A second long-running business in Birmingham’s Brindleyplace has been refused a lease renewal amid claims the landlord could damage the long-term success of the district.

Spiritual health shop Zen is the latest tenant to be turned down by the British Airways Pension Fund after hair salon Umberto Giannini was told it too would have to leave.

Sisters Kate and Megan Chandler run the business which their mother Sylvia Chandler set up 15 years ago after they said she was persuaded to move there by the landlord’s managing agent, GVA Grimley.

Despite having more than 2,000 regular customers and passing trade of about 100 a day, a bid to remain another ten years was denied and the company has until August left at The Water’s Edge unit.

They claimed they were the last to know and even a local window cleaner was aware plans were afoot to “kick all the smaller people out”. The pair, who are from Moseley, said they have been told the spot will be used for a restaurant.

Kate said: “One of the excuses we were given for the decision was because the retail sector is so low but we’re thriving – last year was one of our best years.

“It’s taken us a long time to build the business up to what it is. GVA Grimley said it is looking to secure Brindleyplace for the next 15 years but we said we have not suffered, partly because we’ve been here so long. It’s all to do with money and the fact it can get more with a restaurant licence here.”

The 28-year-old said the business, which stays open until 10.30pm, is more than just a shop as it runs courses on subjects including crystal healing and astrology almost nightly, which attract up to 40 people.

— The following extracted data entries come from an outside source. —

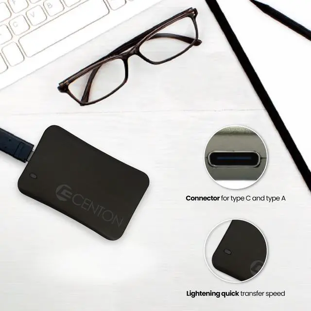 Centon External SSD (Black), USB-C 3.2 Gen 2, 1000GB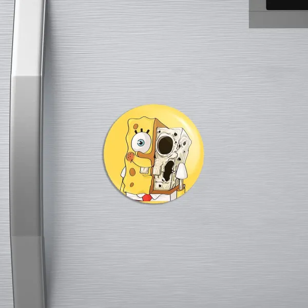 مگنت باب اسفنجی خندالو با روکش سلفون مات مخملی ضدخش و قطعه پشتی فلزی تولید شده است که آهنربای اتمی بکار برده شده در محصول، بصورت مخفی تعبیه شده ودیده نمی شود. ضمن اینکه گیرایی بسیار بالایی داشته و به هیچ عنوان از روی یخچال نمی افتد.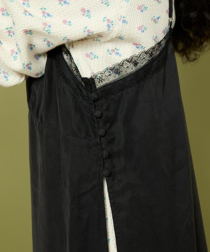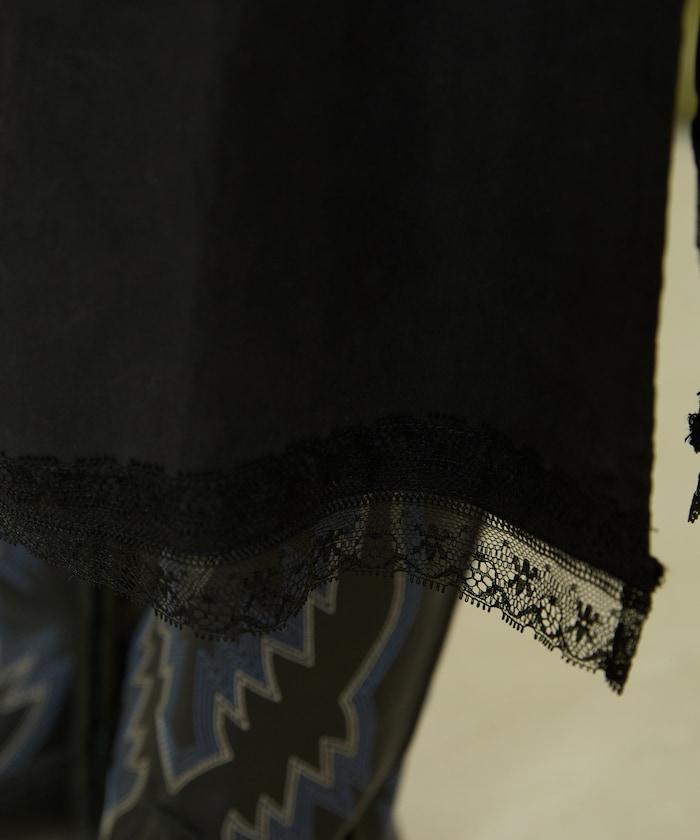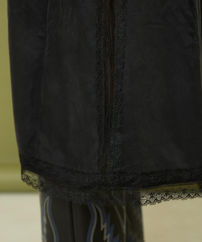 右側中間夾有蕾絲帶,左側則大膽敞開至胯骨。
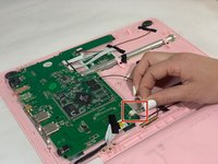 Pinch the red and black wires connected to the section closest to the small white connector, and pull to remove them from the motherboard.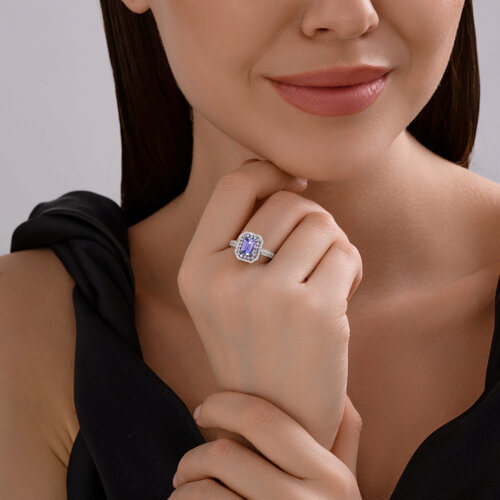 Кольцо из белого золота с бриллиантами и танзанитами SOKOLOV 6014177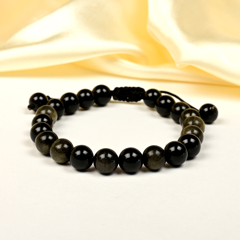 This Black Obsidian Adjustable Bracelet is a powerful blend of elegance and protection, handcrafted with smooth, polished Black Obsidian beads. Strung on a durable adjustable cord, it ensures a secure and comfortable fit for daily wear while allowing flexibility in size. The beads exhibit a deep, glossy black hue with subtle natural variations, giving the bracelet a bold and sophisticated appeal. Black Obsidian is a revered stone known for its protective and grounding energies. It acts as a shield against negativity, psychic attacks, and emotional blockages, while promoting clarity, self-control, and inner strength.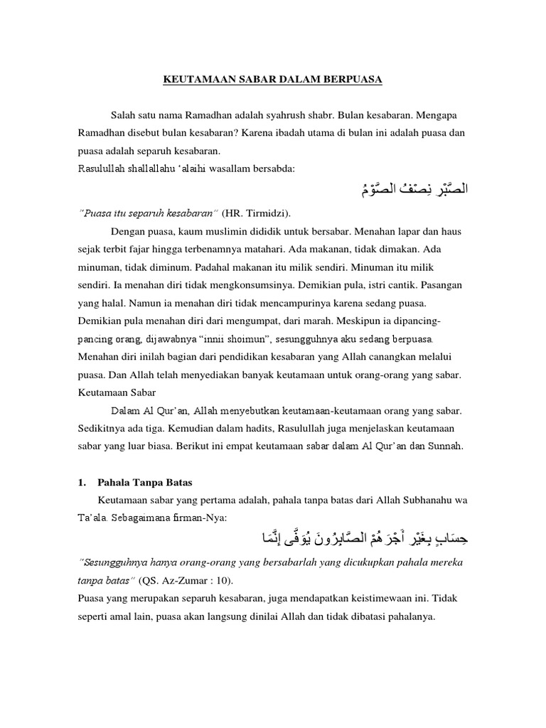 Keutamaan orang sabar. Hal ini menunjukkan besarnya keutamaan orang yang bersabar. Allah taala berfirman yang artinya sesungguhnya hanya orang orang yang bersabarlah yang dicukupkan pahala mereka tanpa batas qs. Selain telah tertuang dalam banyak surat surat al quran yang secara khusus dimana allah memerintahkan langsung kepada umat untuk menerapkan sabar dalam setiap masalah yang dihadapi perkara sabar juga memiliki banyak keutamaan dalam islam baik keutamaan duniawi maupun keutamaan ukhrowi.

She accused site bosses of contradicting themselves after Brindleyplace emailed out a statement following the decision to close Umberto Giannini.

“It was saying a mutually agreeable decision had been reached and that Brindleyplace would continue to promote its diversity. This just seems ridiculous,” she said.

“We bring a total mix of people into Brindleyplace and we wanted to stay.”

Megan, aged 22, said: “In a time of a recession we’ve done better in the last two years than ever. We’re something different.

“Birmingham really does lack a unique shopping experience.”

The business will move to its other branch in Moseley, which has been open ten years.

Birminghampost.net blogger Professor David Bailey, of Coventry University Business School, said the recession had highlighted the importance of diversity and warned against relying on restaurants and bars for trade.

“Certainly it would be a shame if we went backwards at Brindleyplace,” he said. “I can see from the landlord’s point of view they’re trying to maximise rents. It may well be they can get more rental yield if a big restaurant occupies that space than two smaller units. But from a broader point of view of the sustainability of the area and the place it’s important to have a diversity of offerings.”

A spokeswoman for Pizza Express, next door to Zen, said it would not be concerned about another restaurant.

Guy Thompson, from GVA Grimley, said: “The fund does not comment on individual tenancies.”